Kitten First Vaccinations and Veterinarian Visit
Such an Alive and Curious Kitten!
Caring for the Cute, New Kitten
Baby animals: the Supreme Being made them all pretty danged cute. The humans who are lucky enough to have them in the family may look into those big eyes and wish that the pet puppy or kitten never grows up. But, grow up they do, and it is our job as the “quasi-parent” to care for them and prepare them for their future. Naturally, health care is a major aspect of this guardianship.
When Should the First Veterinarian Visit Occur?
If your kitten is presumed to be healthy, it does not visit the vet until it is weaned – usually at age 6 weeks. In contrast, if the little dear has an observable problem before that age, call the vet’s office for guidance.
What Information Should You Provide the Vet?
The veterinarian will want to know the kitten’s date of birth or approximate date if that is the best you can do. Let them know if it was born to an indoor or outdoor cat, and how you came to be its caregiver. If you have health information about its mother or other animals it contacted, volunteer that.
For example, one case may be that a friend took in a litter born to a feral cat. He adopted out one of the kittens (the most adorable one, of course!) with you. If other kittens in the litter had diarrhea or fleas, tell the vet. Also, disclose the “untreated” status of the mother and any health problems you know about.
First Tests for a Kitten
In the case above, the vet will probably recommend performing a blood test for feline leukemia and feline AIDS. Both are very serious and also very contagious to other cats. Of course, you do not want to put any other pets you have at risk for these diseases. A nice feature of this blood test is that it can be done at the beginning of the vet visit and read in about 15 minutes. Also, you may have been asked to bring in a stool sample of the kitten to be checked for worms. In the case of unknown background of the mother cat, this is a good idea. The worm test also can be completed before the end of the office visit.
In addition to laboratory tests, the veterinarian will listen to your kitten’s heart and lungs and perform an exam.
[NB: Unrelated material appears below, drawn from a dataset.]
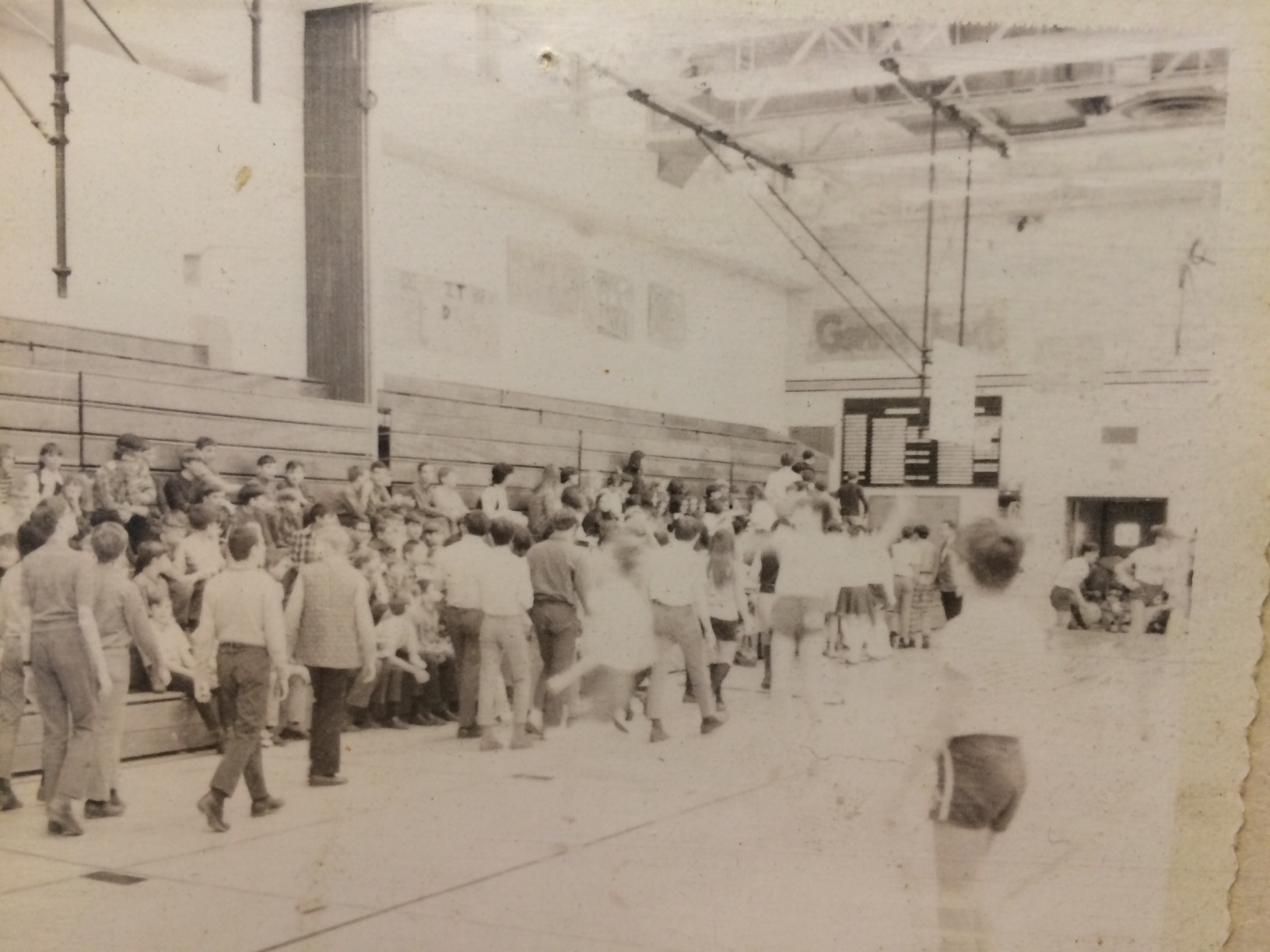 Warming up for the 7th Grade basketball championship.That’s me with the arm flying back after taking a shot.

At the tender age of 6 weeks, a kitten is too young to have any flea treatment. Also, if it will be an exclusively- indoors cat, the rabies vaccination is not given at this visit. However, a set of injections will be scheduled with the first of the series starting at age 6 to 8 weeks. It is called the FVRCP vaccine. It combats the following viruses:
FVR = Feline Viral Rhinotracheitis
Rhinotracheitis is a severe upper respiratory infection caused by a herpes virus. This virus can be very severe for kittens and can cause blindness or death.
C = Calicivirus Infection
This virus can cause pneumonia, “pink eye,” and other problems. The virus can survive eight to ten days on a bowl, cage, brush, or blanket. Sadly for us and our kitties, carrier cats can pass the virus into the environment for up to one year.
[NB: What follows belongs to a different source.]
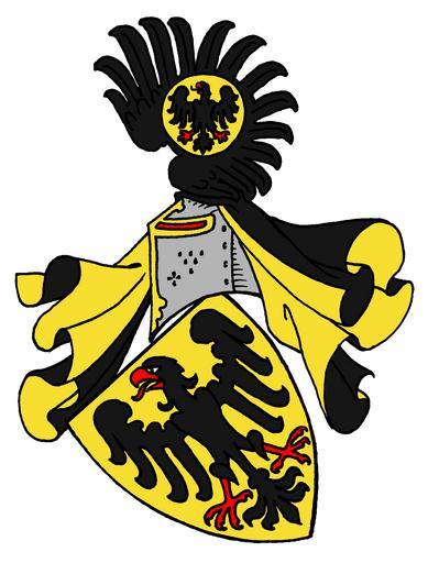 | Keywords: Neuenahr-Wappen.png Stammwappen der Grafen von Neuenahr Graf Otto von Neuenahr 1231 In Gold ein schwarzer Adler mit roter Bewehrung Helmzier ein schwarzer Flug belegt mit einer runden Scheibe auf welcher der Adler wiederholt wird oder ein wachsender schwarzer Adler Helmdecke schwarz-golden 1221 - 1358 herrschten die Grafen von Neuenahr die um 1220 die bereits 1372 zerstörte Burg Neuenahr erbauten 1358 - 1425 die Grafen von Neuenahr-Saffenberg 1425 - 1545 die Grafen von Neuenahr-Saffenberg-Virneburg 1545 fiel nach dem Aussterben der Grafen von Virneburg die Grafschaft als erledigtes Lehen zurück an den direkten Lehnsherrn den Herzog von Jülich der 1545 - 1609 Graf von Neuenahr ist Im Vertrag von Xanten 1614 fällt die Grafschaft Neuenahr an das Herzogtum Pfalz-Neuburg 1685-1797 gehörte sie zur Kurpfalz später kam sie an Preußen Blasonierung und alte Wappenabbildungen †’ http //www dr-bernhard-peter de/Heraldik/Galerien/galerie773 htm ; http //www dr-bernhard-peter de/Heraldik/wappenrolle26 htm century 13 Wappengrafik erstellt von LeoDavid Cc-zero Wappenrecht Coats of arms of families of Germany - N Or an eagle sable beaked langued and membered gules |

P = Panleukopenia (also known as distemper and feline enteritis)
This disease is a quickly progressing, highly contagious one with a high mortality rate.
This is not standard for all kittens, but it can be given if the circumstances warrant.
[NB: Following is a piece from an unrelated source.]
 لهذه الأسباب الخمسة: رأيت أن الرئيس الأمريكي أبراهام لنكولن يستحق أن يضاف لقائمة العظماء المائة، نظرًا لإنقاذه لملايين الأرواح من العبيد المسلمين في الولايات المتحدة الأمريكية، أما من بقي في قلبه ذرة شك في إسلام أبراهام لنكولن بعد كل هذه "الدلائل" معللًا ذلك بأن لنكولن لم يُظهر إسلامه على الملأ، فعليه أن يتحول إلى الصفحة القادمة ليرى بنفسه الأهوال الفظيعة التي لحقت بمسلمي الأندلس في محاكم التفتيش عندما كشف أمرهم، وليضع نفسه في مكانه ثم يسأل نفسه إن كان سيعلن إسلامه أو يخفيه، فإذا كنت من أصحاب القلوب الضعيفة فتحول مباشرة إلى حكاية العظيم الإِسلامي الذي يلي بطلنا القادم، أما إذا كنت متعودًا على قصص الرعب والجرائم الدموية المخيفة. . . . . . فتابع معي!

As with a new human baby, be prepared for your kitten to want to sleep more than usual after the vaccination as its body assimilates the medicine.
More First Visit Agenda Items
The veterinarian will probably advise you on what foods to give and for how long. Also, he or she will discuss the timing of spaying or neutering your kitten. If you desire to have your kitten declawed, that will be done in the future, not on the first visit.
A Kitten who Fits in Your hand
Enjoy your new family member and take good care of it. It will reward a thousand fold with its unconditional cat-love. (And take plenty of photos!)